ラウラを連れだって、食堂へとやって来た俺とラウラは現在、朝食中である。

目の前ある山の様にあるおにぎりをバクバク食べていると、その様子を見ていた隣のラウラは唖然としていた――。


「ひ、ヒルト……お前の朝はいつもこうなのか?」

「んむ?……んぐんぐ――そうだぞ?俺はエネルギーよく使うから食わないと持たん、朝食べずにいれば貧血起こすしな」


言い終わるや、またおにぎりに手を伸ばして食べていく――ラウラのメニューはパンとコーンスープとチキンサラダのみだ、まあ女の子ならこんなものだろう。

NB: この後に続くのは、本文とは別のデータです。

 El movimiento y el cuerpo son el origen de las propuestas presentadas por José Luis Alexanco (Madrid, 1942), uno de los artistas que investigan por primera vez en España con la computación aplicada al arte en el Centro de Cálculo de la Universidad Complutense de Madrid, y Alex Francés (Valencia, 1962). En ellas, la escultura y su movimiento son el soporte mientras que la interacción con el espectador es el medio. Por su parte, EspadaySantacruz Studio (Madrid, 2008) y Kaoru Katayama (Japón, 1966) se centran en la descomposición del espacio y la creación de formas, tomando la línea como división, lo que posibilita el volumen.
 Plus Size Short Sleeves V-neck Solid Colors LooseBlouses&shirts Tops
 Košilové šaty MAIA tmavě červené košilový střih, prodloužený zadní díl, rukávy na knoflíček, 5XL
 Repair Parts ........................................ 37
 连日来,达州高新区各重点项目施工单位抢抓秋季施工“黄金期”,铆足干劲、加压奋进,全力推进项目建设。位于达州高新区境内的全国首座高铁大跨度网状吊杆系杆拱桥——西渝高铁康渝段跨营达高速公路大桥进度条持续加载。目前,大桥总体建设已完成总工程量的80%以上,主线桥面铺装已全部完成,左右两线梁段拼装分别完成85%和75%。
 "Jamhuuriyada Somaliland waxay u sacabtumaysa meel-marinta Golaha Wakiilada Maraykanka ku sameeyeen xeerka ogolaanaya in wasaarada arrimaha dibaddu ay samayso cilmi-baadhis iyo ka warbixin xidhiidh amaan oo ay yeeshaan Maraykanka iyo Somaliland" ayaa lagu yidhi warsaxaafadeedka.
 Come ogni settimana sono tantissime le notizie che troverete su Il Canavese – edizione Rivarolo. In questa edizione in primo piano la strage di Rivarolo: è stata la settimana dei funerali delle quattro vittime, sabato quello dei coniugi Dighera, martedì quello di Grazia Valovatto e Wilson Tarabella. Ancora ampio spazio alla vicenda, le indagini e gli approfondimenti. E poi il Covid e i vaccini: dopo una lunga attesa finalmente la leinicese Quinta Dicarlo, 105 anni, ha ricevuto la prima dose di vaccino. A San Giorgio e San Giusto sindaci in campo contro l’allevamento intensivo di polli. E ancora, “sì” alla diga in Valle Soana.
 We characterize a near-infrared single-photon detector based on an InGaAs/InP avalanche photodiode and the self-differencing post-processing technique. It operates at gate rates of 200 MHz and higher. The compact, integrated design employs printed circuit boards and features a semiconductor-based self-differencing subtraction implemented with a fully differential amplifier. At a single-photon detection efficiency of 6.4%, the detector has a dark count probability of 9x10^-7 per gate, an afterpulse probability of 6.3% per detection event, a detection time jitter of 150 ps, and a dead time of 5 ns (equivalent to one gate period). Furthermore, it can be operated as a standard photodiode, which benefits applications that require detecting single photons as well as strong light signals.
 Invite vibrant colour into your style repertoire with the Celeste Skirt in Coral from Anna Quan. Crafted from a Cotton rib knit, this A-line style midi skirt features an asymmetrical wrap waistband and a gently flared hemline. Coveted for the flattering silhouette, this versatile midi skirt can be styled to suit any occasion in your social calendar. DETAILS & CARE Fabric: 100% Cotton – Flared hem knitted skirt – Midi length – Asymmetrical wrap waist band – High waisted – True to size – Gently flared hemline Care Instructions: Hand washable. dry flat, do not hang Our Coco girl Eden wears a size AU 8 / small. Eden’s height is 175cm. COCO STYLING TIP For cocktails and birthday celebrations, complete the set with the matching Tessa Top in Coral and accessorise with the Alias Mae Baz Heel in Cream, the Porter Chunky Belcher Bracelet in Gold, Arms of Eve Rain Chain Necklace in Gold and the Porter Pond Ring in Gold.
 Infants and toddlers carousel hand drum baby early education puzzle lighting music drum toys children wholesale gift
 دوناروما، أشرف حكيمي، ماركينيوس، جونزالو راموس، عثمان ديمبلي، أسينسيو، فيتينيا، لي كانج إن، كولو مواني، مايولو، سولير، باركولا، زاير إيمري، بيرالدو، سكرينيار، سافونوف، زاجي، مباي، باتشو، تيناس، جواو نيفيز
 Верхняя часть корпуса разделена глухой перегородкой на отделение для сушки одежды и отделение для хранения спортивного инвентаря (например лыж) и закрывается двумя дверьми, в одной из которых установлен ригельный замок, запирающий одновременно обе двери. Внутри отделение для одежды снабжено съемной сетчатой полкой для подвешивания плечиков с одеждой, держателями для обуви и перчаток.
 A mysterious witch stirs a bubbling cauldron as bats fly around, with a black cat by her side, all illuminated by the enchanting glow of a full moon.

だが――何故人が食べているものが美味しそうに見えるのだろうか?

そんな俺の視線に気がついたラウラが――。


「ヒルト、わけてやろう……んっ」


そう言い、自分の口でパンをくわえ、差し出すように俺に向けた――。


「……ラウラ、くれるのはありがたいがその食べ方は遠慮させてもらう」

「ん……。何故だ?」

「ほとんど口移しと変わらんからだ、くれるのなら普通にくれ」

「だからほら、かじっていいぞ?……ん」


そう言い、またもや口移しで食べさせようとするラウラ――。


「あーーっ!?ラウラ、お兄ちゃんに何してるのよッ!?」

「む?見ての通り嫁に食べさせているのだが――」


朝食を持ち、現れたのは妹の美冬だった、その後ろには未来が――更に一夏と篠ノ之も居た。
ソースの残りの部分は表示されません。